Fast feature extraction (without data augmentation)#

  • Build Dense neural net (with Dropout)

  • Run every batch through the pre-trained (frozen) convolutional base

class ImageClassifier(pl.LightningModule):
    def __init__(self, conv_base, input_dim):
        super().__init__()
        self.conv_base = conv_base  # Keep conv layers
        self.conv_base.eval()  # Set to eval mode
        for param in self.conv_base.parameters():
            param.requires_grad = False  # Freeze convolutional layers
        self.classifier = nn.Sequential(
            nn.Linear(input_dim, 256),
            nn.ReLU(),
            nn.Dropout(0.5),
            nn.Linear(256, 1),
        )
        self.criterion = nn.BCELoss()
    def forward(self, x):
        with torch.no_grad():  # Prevent gradients in conv layers
            features = self.conv_base(x)
            features = features.view(features.size(0), -1)  # Flatten
        return self.classifier(features)

Create and train the model

# Get pretrained network
conv_base = vgg16(pretrained=True).features.to(accelerator)
input_dim = 512 * 7 * 7  # Feature map size from VGG16

# Initialize DataModule and Model
model = ImageClassifier(conv_base, input_dim)
data_module = ImageDataModule(train_dir, val_dir)
# Train
trainer = pl.Trainer(
    max_epochs=EPOCHS,
    accelerator=accelerator,
)
trainer.fit(model, data_module)
Hide code cell source
# Hyperparameters
BATCH_SIZE = 32
EPOCHS = 30
LEARNING_RATE = 1e-4
IMAGE_SIZE = (150, 150)

# Define DataModule
class ImageDataModule(pl.LightningDataModule):
    def __init__(self, train_dir, val_dir, batch_size=BATCH_SIZE):
        super().__init__()
        self.train_dir = train_dir
        self.val_dir = val_dir
        self.batch_size = batch_size
        self.transform = transforms.Compose([
            transforms.Resize(IMAGE_SIZE),
            transforms.ToTensor(),
            transforms.Normalize(mean=[0.485, 0.456, 0.406], std=[0.229, 0.224, 0.225])
        ])

    def setup(self, stage=None):
        self.train_dataset = datasets.ImageFolder(self.train_dir, transform=self.transform)
        self.val_dataset = datasets.ImageFolder(self.val_dir, transform=self.transform)

    def train_dataloader(self):
        return DataLoader(self.train_dataset, batch_size=self.batch_size, shuffle=True)

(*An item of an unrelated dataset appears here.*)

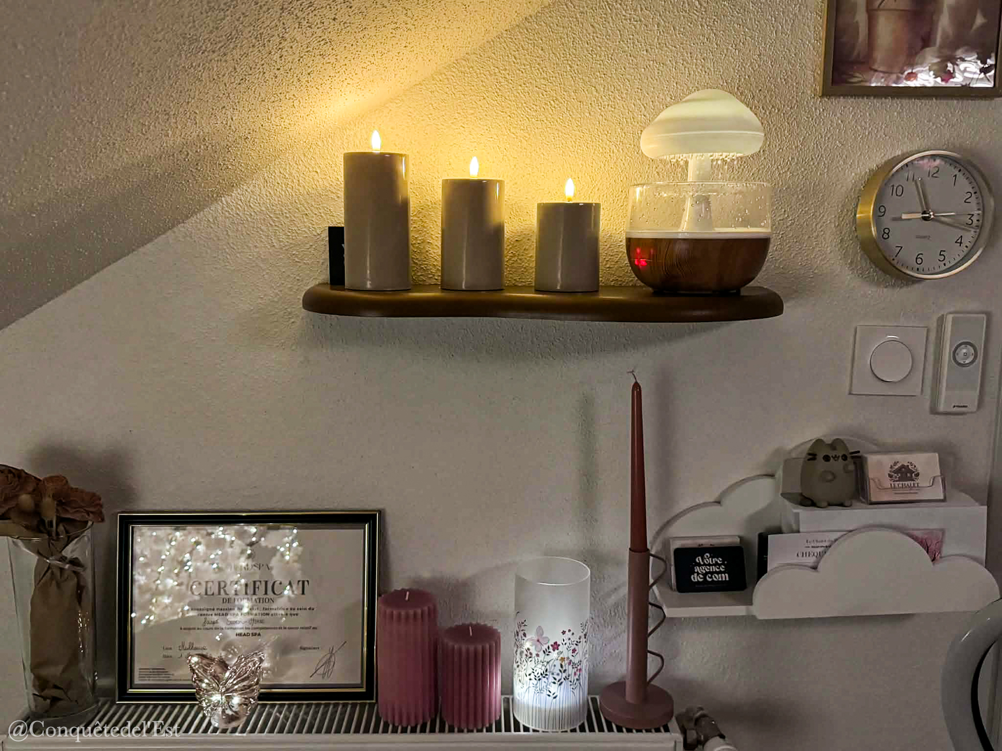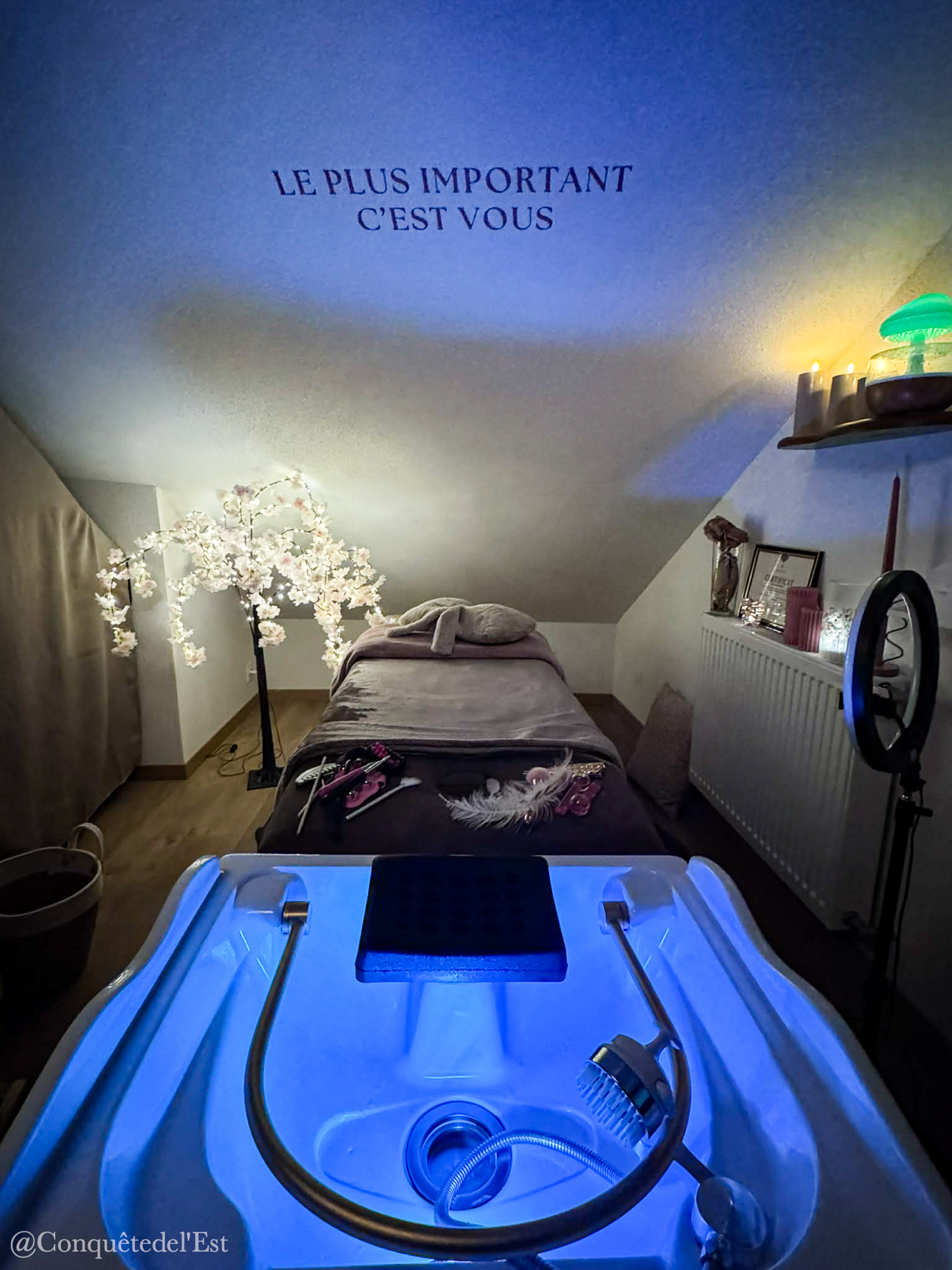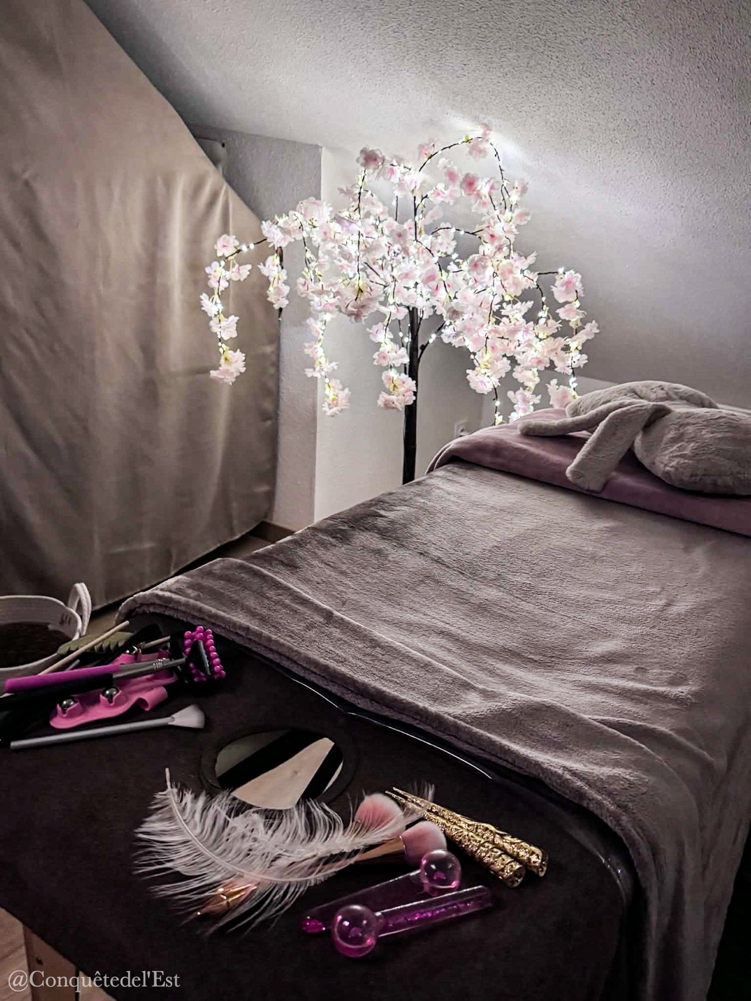 Sarah a investi une pièce chez elle en un véritable cocon dédié à la détente, sous les combles ce qui rend la pièce très chaleureuse. Elle s’est formée seule à cette nouvelle discipline, s’est amusée en achetant elle même des ustensiles pour vous faire de merveilleuses papouilles.

    def val_dataloader(self):
        return DataLoader(self.val_dataset, batch_size=self.batch_size, shuffle=False)


# Define Model
class ImageClassifier(pl.LightningModule):
    def __init__(self, conv_base, input_dim):
        super().__init__()
        self.conv_base = conv_base  # Keep conv layers
        self.conv_base.eval()  # Set to eval mode (but still in model)
        for param in self.conv_base.parameters():
            param.requires_grad = False  # Freeze convolutional layers

        self.classifier = nn.Sequential(
            nn.Linear(input_dim, 256),
            nn.ReLU(),
            nn.Dropout(0.5),
            nn.Linear(256, 1),
            nn.Sigmoid()
        )
        self.criterion = nn.BCELoss()

    def forward(self, x):
        with torch.no_grad():  # Prevent gradients in conv layers
            features = self.conv_base(x)
            features = features.view(features.size(0), -1)  # Flatten
        return self.classifier(features)

    def training_step(self, batch, batch_idx):
        inputs, targets = batch
        outputs = self(inputs)  # Forward pass includes feature extraction
        loss = self.criterion(outputs, targets)
        self.log("train_loss", loss, prog_bar=True)
        return loss

    def validation_step(self, batch, batch_idx):
        inputs, targets = batch
        outputs = self(inputs)
        loss = self.criterion(outputs, targets)
        predicted = (outputs > 0.5).float()
        accuracy = (predicted == targets).float().mean()
        self.log("val_loss", loss, prog_bar=True)
        self.log("val_acc", accuracy, prog_bar=True)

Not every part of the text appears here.